Autumn Reeser Says She’s ‘Learning to Navigate’ Social Media More Authentically

Reeser, who frequently shares inspirational memes and quotes in her Instagram Stories, told Herman that social media is one of the toughest areas for her to show up as authentically as she wants to without letting other people’s opinions deflate or define her.

“To be honest, I’m still in the process of figuring that out,” she said. “The challenging part about being in the public eye is so many opinions. And because I started young, so many opinions from a young age before I was established in myself.”

“We’re all experiencing this piece of it that I’m about to say to some degree,” she continued. “You post something online, everyone has an opinion! Like, I can just post something and somebody’s like, ‘Why does your eyebrow look like that? I like your hair shorter.’ The internet can be really hard to navigate because sometimes you’re just not in the mood. Like, imagine everyday you stand up in front of, like, your classroom, like you’re in high school, and everyone just tells you what they think about what you’re wearing.”

“As I’m stepping more into my truth and authenticity,” she said, “I’m learning to navigate that in a way that feels safe to my nervous system.”

Reeser talked about spending years of building up invisible layers of protection around her, thinking that if she showed up a certain way or hid specific truths about herself, she’d be more well-liked and not have to deal with criticism.

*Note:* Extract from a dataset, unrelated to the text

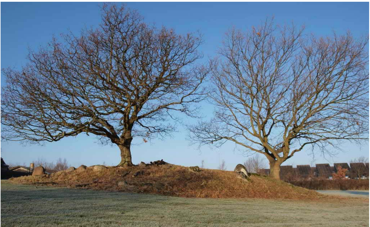
Bortset fra de to egetræer ser langdysen ud som da Chr. Bayer tegnede den i 1875.

“What I am finding is it just feels so much better in my body to be where I am truthfully, in my imperfection,” she said. “Because I think that’s the message that so many of us need to hear. We live in a culture that tells us that we’re broken for being human.”

“I want to start showing up without all the coats, and without all the armor, because I think that’s what is needed right now,” she continued. “I think that’s what we all are learning how to do. So if somebody can watch my process and say, ‘Oh, that’s what that looks like’ and start to feel that in their own body and it can give them courage to take off a couple of their coats or suits of armor, then … I can’t imagine anything better to do with my day.”